# Learning Lunch: Python for Natural Language Processing

# Lesson 1: The Basics 

## Introduction: Yay! Coding!

### This class (and hopefully others!) will be split in 2 parts. 

1. **Concept time** - Following along with pre-written code

    * Lesson 1: Imports, variables, datatypes, if/else, functions




2. **Project time** - The best way to learn coding?
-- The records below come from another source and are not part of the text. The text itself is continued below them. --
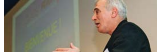
Le syndic de Fribourg Pierre-Alain Clément lors de son allocution en ouverture de l'AG
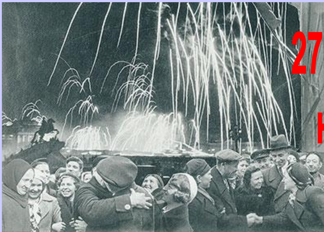
«БЕЛКАЯ ПОВЕДА ОДЕРЖАНА СОВЕТСКИМИ ВОЙСКАМИ ПОД ЛЕНИНГРАДОМ:

27 ноября 1944 года наши защитники сняли блокаду
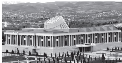
Осорхонаи миллии Тоҷикистон

Дар ҳаёти фарҳангии ҷумҳурӣ мунтазам гузаронидани фестивал озмуни ҷумҳуриявӣ телевизионӣ эҷодиёти халқ – «Андалеб» бахшида ба чашни Истиклолияти давлатии Ҷумҳурии Тоҷикистон низ аз аҳамият ҳолӣ нест. Дар рафти ин фестивал озмун ҳунарҳои мардумӣ намоиш дода шуда, дар он намунаҳои беҳтарини ҳунарҳои халқӣ, аз қабилӣ заргарӣ, оҳангарӣ дуредгарӣ, қулолию чармгарӣ, дӯзандагӣ, чакандӯзӣ, кандакорӣ пешниҳод карда мешаванд. Танҳо дар фестивал-озмуни «Андалеб» бахшида ба чашни 10-солагии Истиклолияти давлатии Тоҷикистон 1200 нафар санъаткори халқӣ, 2110 нафар ҳунарманд аз ҳамаи ноҳия ва шаҳрҳои ҷумҳурӣ иштирок доштанд.
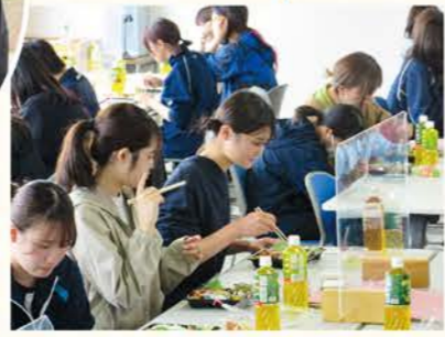
楽しい昼食タイム
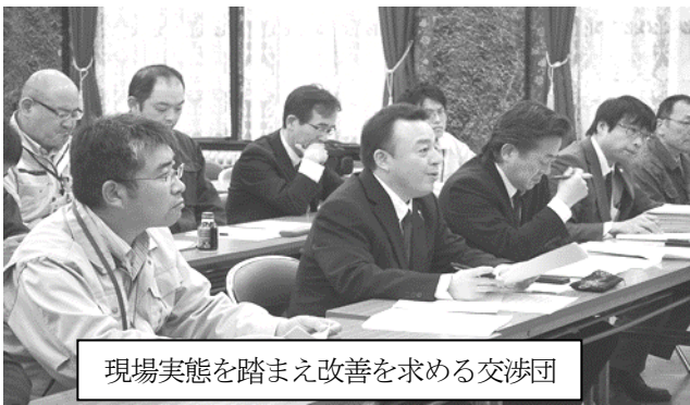
現場実態を踏まえ改善を求める交渉団

【交渉結果】 人員確保 に関し、「大災害に対応した長期的な人員確保は大切。部全体の課題として認識。総合土木は確保が困難な状況だが、 人員確保はあらゆる手法で確保に努める 」との姿勢を引き出した。一方、 専門職種の代替確保 (育休・病休等)は「 年度途中の代替職員は臨時職員の配置が精いっぱい 」と困難な姿勢を示したことから、 交渉団から業務執行
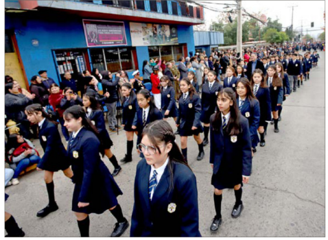
Estudiantes del Liceo Sn José de Machalí destacaron por su gallardía y compromiso durante el desfile cívico.

Luego fue el turno de las organizaciones comunitarias, club adulto mayor Ucam, clubes de adulto mayor Esperanza, agrupaciones de apoyo social, establecimientos educacionales, entre ellos escuela Juan Tachoire Moena, Colegio San Joaquín de los Mayos, Colegio San José de Machalí, Colegio Los Llanos, Colegio Diego Portales, Colegio Santa Teresa, Colegio Gabriela Mistral, Liceo de Machalí, instituciones deportivas, agrupaciones folclóricas y representantes del mundo campesino y huaso.
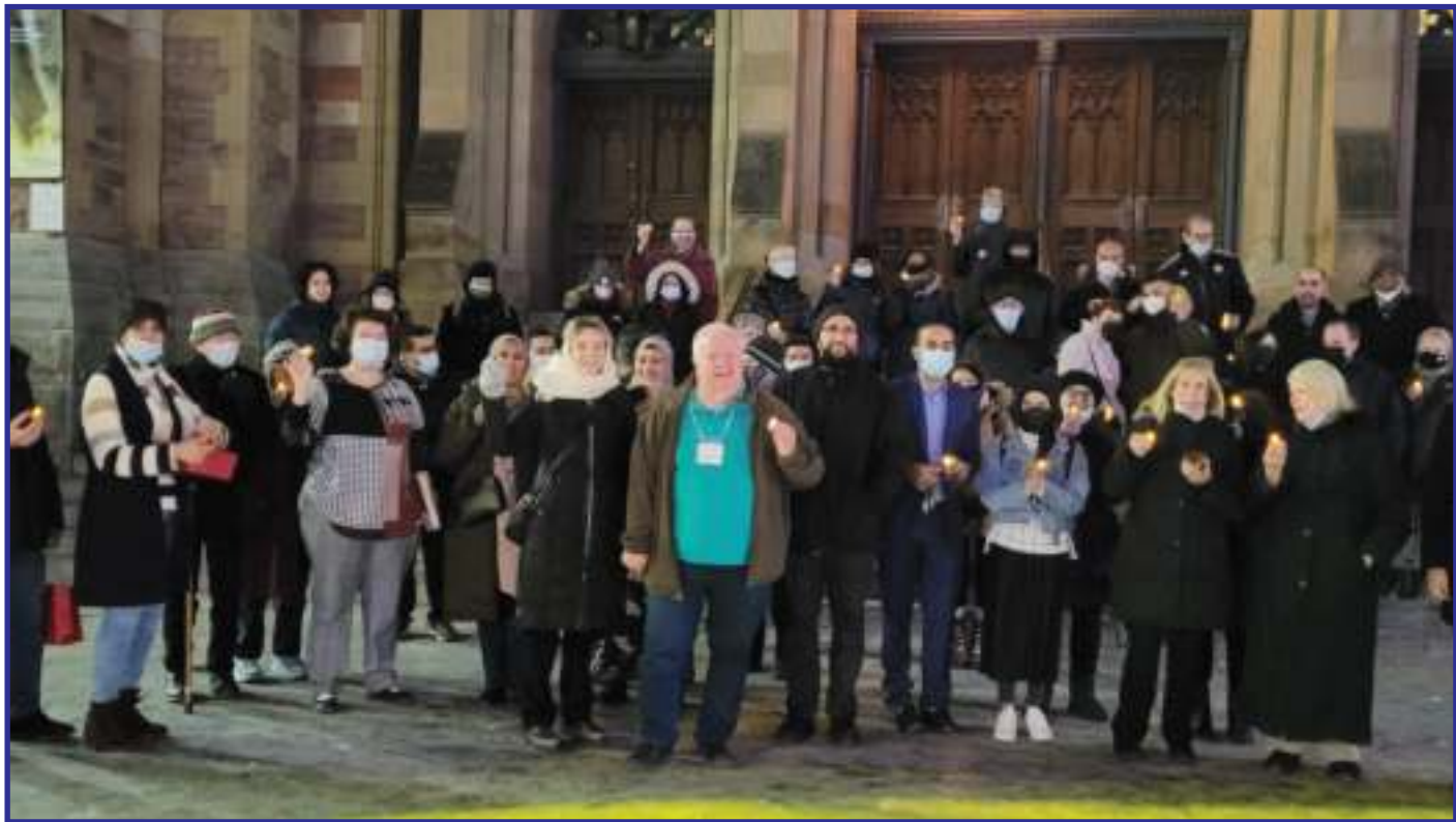
Un ministère communautaire de l'Église Unie du Canada

Montreal City Mission communautaire de Montréal
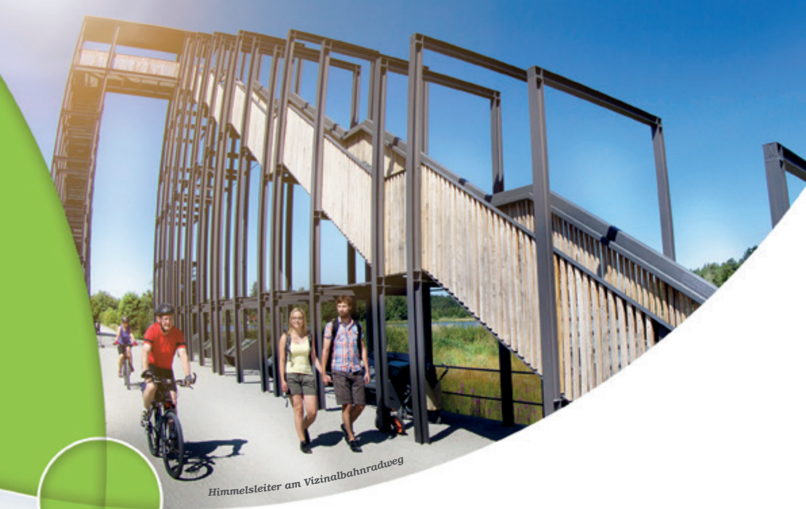
Himmelsleiter am Vizinalbahnradweg
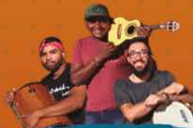
SAMBEIRA 31/07 - 21:30H
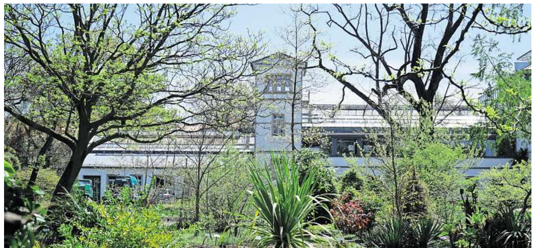
Wie geht eigentlich die „Wilde Vielfalt im Garten“? Das zeigt aktuell der Botanische Garten in Leipzig.

Aber auch ansonsten lohnt sich der Gang in den Botanischen Garten Leipzig: Dort lockt die Ausstellung zur Aktionswoche und die zeigt, wie lebendig Gärten sind – und zwar über die
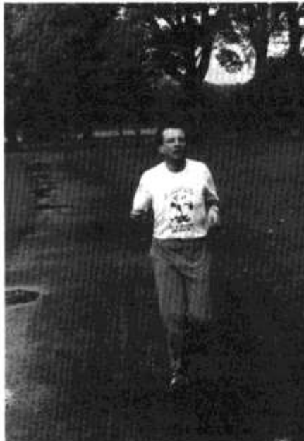
Rhaid codi cwestiwn ynglyn â'r gwasanaeth rheilffordd yma i Stiniog.
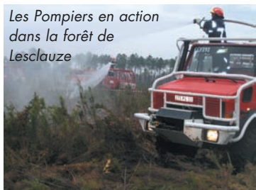
Les Pompiers en action dans la forêt de Lesclauze

Entraînement, avec un incendie fictif en zone Sud de la commune, pour 50 POMPIERS VENUS DE HUIT CENTRES du Sud du Médoc. Placés sous la direction du Capitaine Gilles Lefort, ils effectuent une bonne préparation afin d'être opérationnels dès mars 2007.

By building something cool!

    * Project 1: Band name generator

    We'll write a Python program to create a Band Name Generator (one of these bad boys)!
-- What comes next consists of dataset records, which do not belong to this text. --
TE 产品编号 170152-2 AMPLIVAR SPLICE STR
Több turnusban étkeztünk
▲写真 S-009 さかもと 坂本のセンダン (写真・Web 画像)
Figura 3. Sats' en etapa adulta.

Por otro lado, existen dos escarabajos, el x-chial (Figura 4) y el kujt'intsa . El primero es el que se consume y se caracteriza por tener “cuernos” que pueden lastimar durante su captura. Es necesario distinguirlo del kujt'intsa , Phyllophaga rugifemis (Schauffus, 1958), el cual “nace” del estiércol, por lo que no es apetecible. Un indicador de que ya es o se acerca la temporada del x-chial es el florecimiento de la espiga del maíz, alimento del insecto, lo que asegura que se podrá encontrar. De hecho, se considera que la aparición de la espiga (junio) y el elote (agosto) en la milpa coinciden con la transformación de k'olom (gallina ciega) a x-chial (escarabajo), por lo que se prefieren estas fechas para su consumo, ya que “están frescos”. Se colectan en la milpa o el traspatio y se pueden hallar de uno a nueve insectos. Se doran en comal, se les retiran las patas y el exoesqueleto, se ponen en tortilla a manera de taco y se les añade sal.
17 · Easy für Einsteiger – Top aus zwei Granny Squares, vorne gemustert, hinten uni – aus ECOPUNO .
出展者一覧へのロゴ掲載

    ![Example](indie_band.png)

    ![Example](midwest_emo_band.png)

    Storytelling program is an alternative, could be more challenging? 

    * I will include starter code
    
    * You can work collaboratively, solo, or skip it if it's not your style.

    * You can continue working on projects whenever you want, even if we don't finish today.
    

---

## 1.1 - Setup 

### Before we start:
* We will be working from *notebooks* where we can write and execute chunks of code.

* Conda will help keep our Python packages from getting messy.

* Check out `environment.yml` for more info!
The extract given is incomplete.